MMAC-Copilot: Multi-modal Agent Collaboration Operating System Copilot
- URL: http://arxiv.org/abs/2404.18074v2
- Date: Sat, 4 May 2024 12:06:38 GMT
- Title: MMAC-Copilot: Multi-modal Agent Collaboration Operating System Copilot
- Authors: Zirui Song, Yaohang Li, Meng Fang, Zhenhao Chen, Zecheng Shi, Yuan Huang, Ling Chen,
- Abstract summary: We propose the Multi-Modal Agent Collaboration framework (MMAC-Copilot) to enhance interaction ability with operating systems.
The framework introduces a team collaboration chain, enabling each participating agent to contribute insights based on their specific domain knowledge.
MMAC-Copilot achieved exceptional performance on GAIA, with an average improvement of 6.8% over existing leading systems.
- Score: 22.03327808115817
- License: http://creativecommons.org/licenses/by/4.0/
- Abstract: Autonomous virtual agents are often limited by their singular mode of interaction with real-world environments, restricting their versatility.

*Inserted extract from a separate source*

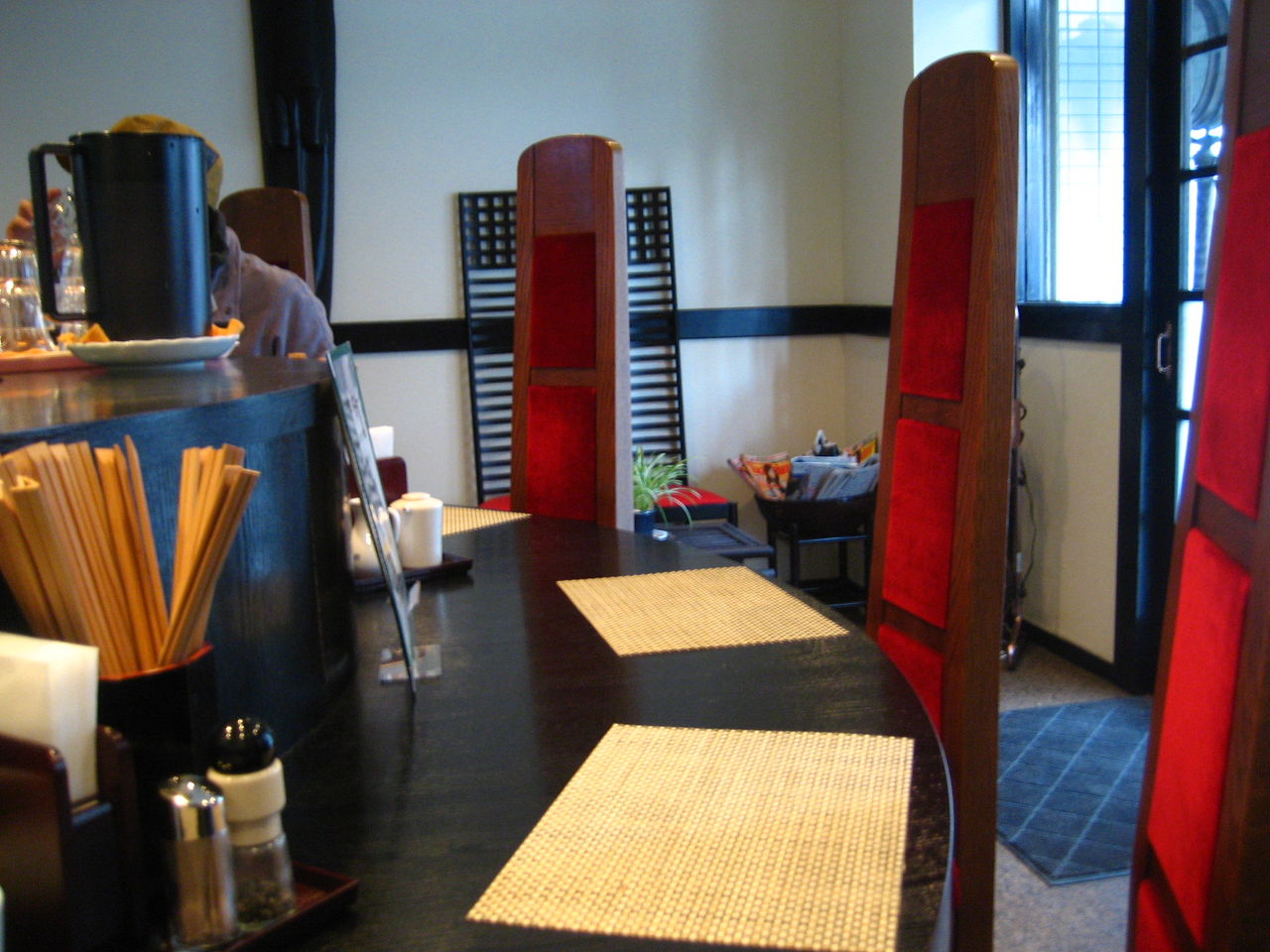 店内は、U字型のカウンターに赤い背の椅子が並んでいて、新しい感覚のラーメン屋さんです。女性にも好かれる雰囲気のお店だと思います。

To address this, we propose the Multi-Modal Agent Collaboration framework (MMAC-Copilot), a framework utilizes the collective expertise of diverse agents to enhance interaction ability with operating systems. The framework introduces a team collaboration chain, enabling each participating agent to contribute insights based on their specific domain knowledge, effectively reducing the hallucination associated with knowledge domain gaps. To evaluate the performance of MMAC-Copilot, we conducted experiments using both the GAIA benchmark and our newly introduced Visual Interaction Benchmark (VIBench). VIBench focuses on non-API-interactable applications across various domains, including 3D gaming, recreation, and office scenarios. MMAC-Copilot achieved exceptional performance on GAIA, with an average improvement of 6.8\% over existing leading systems. Furthermore, it demonstrated remarkable capability on VIBench, particularly in managing various methods of interaction within systems and applications. These results underscore MMAC-Copilot's potential in advancing the field of autonomous virtual agents through its innovative approach to agent collaboration.